Attorney General announces lawsuit against Castle Rock-based company engaged in a multistate loan-modification scam

DENVER — Colorado Attorney General John Suthers announced today that his office has filed a lawsuit against Castle Rock-based Loan Modification Solutions; its owners, Robert Auhll (DOB: 9/21/1963) and Nanette Auhll (DOB: 3/7/1963); and the company’s salesperson, Thomas Stefanszky (DOB: 7/23/1962), on suspicion that they defrauded consumers in search of home loan modifications and foreclosure relief in Colorado and other states.

According to the complaint, filed in Denver District Court, Loan Modification Solutions and its principals collected $2,995 upfront fees from homeowners in exchange for loan modification services. The company is suspected of taking in more than $1 million since January 2009. Under Colorado law, companies cannot seek an upfront fee for loan modification or foreclosure relief services. Loan Modification Solutions also is suspected of using deceptive advertisements to attract customers, including promises of a 100 percent money-back guarantee and a more than 90 percent success rate. The company is suspected of largely ignoring consumers’ requests for refunds when they failed to secure modifications through Loan Modification Solutions.

The company also is suspected of falsely advertising that it used “skilled” and “professional” negotiators to secure modifications. According to the complaint, the company did little more than collect documents from homeowners and fax them to their lenders.

“Loan-modification scams prey on distressed homeowners’ desire to save their homes and to find any means to help fix their dire financial situations,” Suthers said. “As is the case with most loan-modification operations, consumers who dealt with Loan Modification Solutions lost not only their upfront fee, but also crucial time they could have used to secure a modification through their lenders.”

The defendants also are suspected of starting up a new business, Principal Financial Partners, Inc., in September 2010 that solicited upfront fees of $3,495 from homeowners interested in reducing their principal mortgage balance. These activities, too, violate Colorado’s consumer protection laws.

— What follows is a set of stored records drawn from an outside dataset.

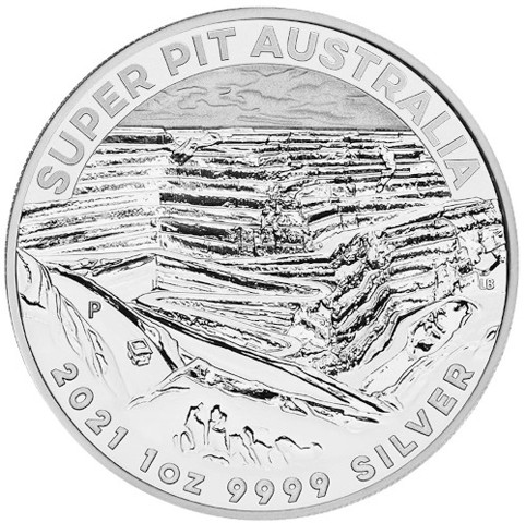 The reverse of the coin features an artistic bird's-eye view of the deep chasm of Super Pit Gold Mine in Western Australia, with a tiny loaded truck seen in the left part of the image for scale comparison. Engravings on this face of the coin identify the name of the series "SUPER PIT AUSTRALIA" around above, the year of issue, weight, purity, and metal content are inscribed close to the bottom rim. In the left field, The Perth Mint’s ‘P’ mintmark appears and the the designer's initials (LB) are also incorporated into the design at the opposite.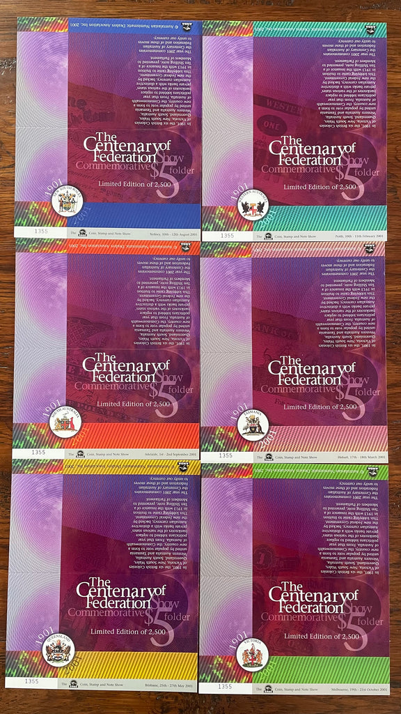 Australia 2001 ANDA set of 6 Federation $5 Polymer Banknote Folders.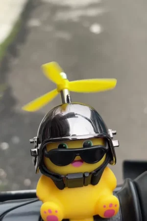 Universal Cute Yellow Propeller Duckling Handlebar Accessory – Wind-Powered Spinning Propeller, Chrome Helmet with Sunglasses, Vibration-Activated LED Glow, and Easy-Mount Rubber Strap for Motorcycles, Bicycles, Scooters, and Car Dashboards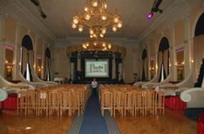 В конструкции зала использованы подвесные потолки, паркетный пол, европейские окна. Микроклимат поддерживается кондиционированием воздуха.
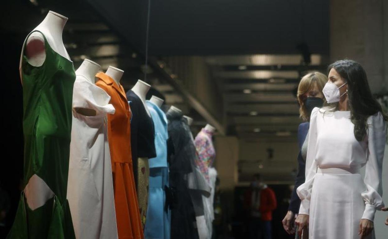 La Reina contempla alguno de los diseños de archivo expuestos en Ifema. EP

Suthers encouraged consumers who are facing or in foreclosure to obtain help from the Colorado Foreclosure Hotline at 1-877-601- 4673 before hiring a private company to try to modify their home loans. If a consumer insists on hiring a private loan modification company, Suthers encouraged consumers to bear in mind:

  • It is illegal in Colorado for a loan modification company to charge you an upfront fee. Loan modification companies can only charge you once their services are completed.
  • Consumers should be wary of any company that tells you to stop making your loan payments or to stop working with your lender. Failing to make payments could result in a foreclosure.
  • Never ignore communication from your lender at the behest of a loan modification firm. Most lenders have loan modification programs that can help you save your home. In some cases, all a borrower has to do is contact his or her lender and provide some current financial information.
  • If a company promises to get rid of your debt, they are making a promise they cannot keep.
  • Check out any loan modification company you are considering hiring. The Better Business Bureau maintains ratings of businesses. Any company with an “F” rating should be avoided.